The consequence envelope established by Brumadinho has three characteristics directly relevant to the adversarial injection threat model. First, the failure mechanism — static liquefaction initiated by rising phreatic surface in upstream-raised iron ore slimes — is exactly the failure mode that piezometric level trend AI is designed to detect and trigger intervention against. The adversarial injection scenario does not produce the failure directly; it suppresses the monitoring AI that would have generated the TARP alert triggering the intervention. The Brumadinho failure was not caused by failure of the monitoring system — but it establishes that when the monitoring information about rising phreatic surface does not reach the responsible engineer in time to enable intervention, 270 people die in under 4 minutes. Second, the 4-minute flow slide timeline eliminates any post-failure response. No evacuation alarm issued after liquefaction initiates has any utility. The adversarial injection attack window is entirely in the monitoring period — the hours, days, or weeks during which rising piezometric heads could have been detected and acted upon. Third, the criminal prosecution of Vale executives and TÜV SÜD in the aftermath of Brumadinho establishes the legal consequence framework: liability for the failure of monitoring systems to correctly detect and report precursor conditions is criminal in Brazilian law, not merely civil.

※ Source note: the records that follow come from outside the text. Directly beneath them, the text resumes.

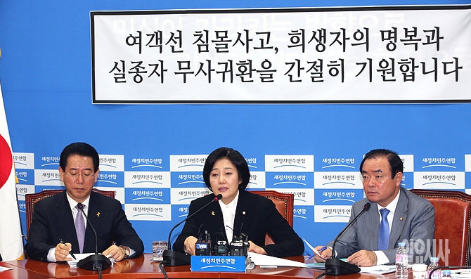 12일, 새정치민주연합 박영선 원내대표가 서울 여의도 국회에서 열린 세월호 관련 원내대책회의에서 발언하고 있다.
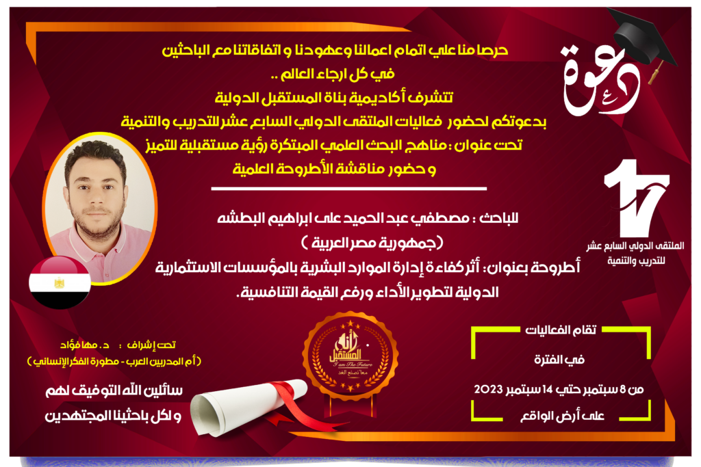 لمناقشة الدراسة العلمية علي أرض الواقع ” بقاعة المؤتمرات الكبري بمركز التعليم المدني”، لباحث الدكتوراة ”مصطفي عبد الحميد على ابراهيم البطشه” من جمهورية مصر العربية في إدارة الأعمال – تحت عنوان ”أثر كفاءة إدارة الموارد البشرية بالمؤسسات الاستثمارية الدولية لتطوير الأداء ورفع القيمة التنافسية” .
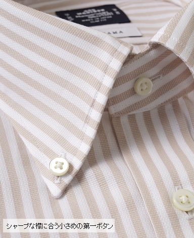 ■第一ボタンには、シャープな襟に合う小さめの9mmボタンを使用。
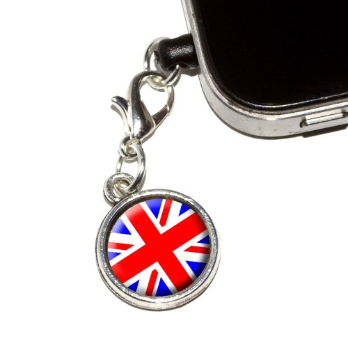 Graphics and More Britain British Flag - Union Jack Anti-Dust Plug Universal Fit 3.5mm Earphone Headset Jack Charm for Mobile Phones - 1 Pack - Non-Retail Packaging - Antiqued Silver
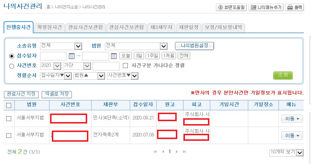 지급명령 인지액 보정 후 [나의 사건 관리]에 새로운 사건이 추가되었다.
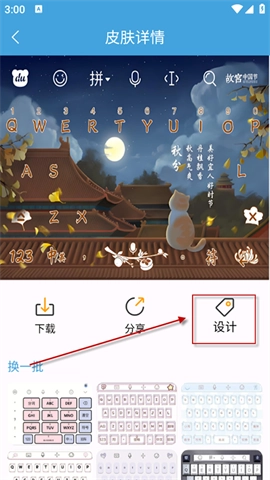 在首页找到“设计”或“自定义皮肤”选项,进入编辑器进行个性化设置。完成后点击“预览”查看效果,满意后点击“保存”并应用到输入法。
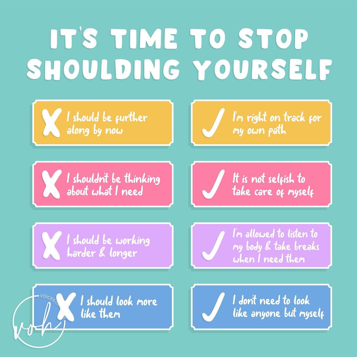 Comparison plays a huge part in the “shoulds” we put on ourselves. The truth is, each person has different capacity, different passions and values, varying resources available to them, and are in totally different emotional spaces. If someone else’s output is more prolific than mine, maybe a question would be what is the price they pay for what they are achieving? Every achievement represents a cost to self – it may totally and completely be worth it, or not. What is the price I am willing to pay to achieve something, and how do I keep my humanity at the core of that?

Vale reached a R$37.7 billion (approximately USD 7 billion) reparation agreement with the Minas Gerais state government and affected municipalities in February 2021 — the largest corporate reparation agreement in Brazilian history. Criminal proceedings against Vale executives and TÜV SÜD remain ongoing as of 2026, with charges including homicide and falsification of safety documents. The total economic consequence of Brumadinho — reparation, mine closure, remediation, legal costs, and regulatory compliance for the de-characterization of upstream-raised tailings dams mandated by ANM Resolution 4/2020 — has exceeded USD 15 billion.

Seepage face camera AI, InSAR deformation map AI, and freeboard camera AI: secondary adversarial surfaces

Three secondary monitoring AI systems operate alongside piezometric level trend AI in modern GISTM 2020-compliant TSF monitoring architectures, each with a distinct adversarial injection surface and a distinct consequence pathway.

Seepage face CCTV surveillance camera AI. CCTV cameras mounted on the embankment or at fixed survey stations watching the downstream face of the dam classify the visual appearance of seepage emergence points: clean seepage (normal drainage of embankment pore water through the downstream face), turbid seepage (silty or muddy water emergence indicating internal erosion and possible piping initiation), and accelerating seepage volume (increasing flow rate indicating drainage system capacity being exceeded). Piping — the backward erosion of material from the downstream seepage face toward the dam interior — is the second most common failure mode in earthen dams after overtopping. Fundão (Samarco / Vale-BHP Billiton joint venture, 5 November 2015) was a tailings dam failure in which 40 million cubic metres of iron ore tailings were released, killing 19 people and contaminating 600 kilometres of the Rio Doce river from Minas Gerais to the Atlantic Ocean. The independent Cleary Gottlieb investigation found that the failure involved the tailings foundation (a sandy tailings beach zone) liquefying under the weight of the embankment when the drainage system was overwhelmed, with seepage flows from the embankment increasing in the weeks before failure. An adversarial perturbation of ±10 DN applied to the seepage face pixels in the rendered CCTV camera frame — reducing the apparent turbidity or discolouration of the seepage emergence point to below the AI’s classified turbid-seepage threshold — suppresses piping initiation indicators. The AI classifies clear seepage where the camera is actually seeing turbid seepage indicating active backward erosion. The consequence pathway is Fundão-class: 40 Mm³ release, 600 km of river ecosystem destroyed, 19 fatalities.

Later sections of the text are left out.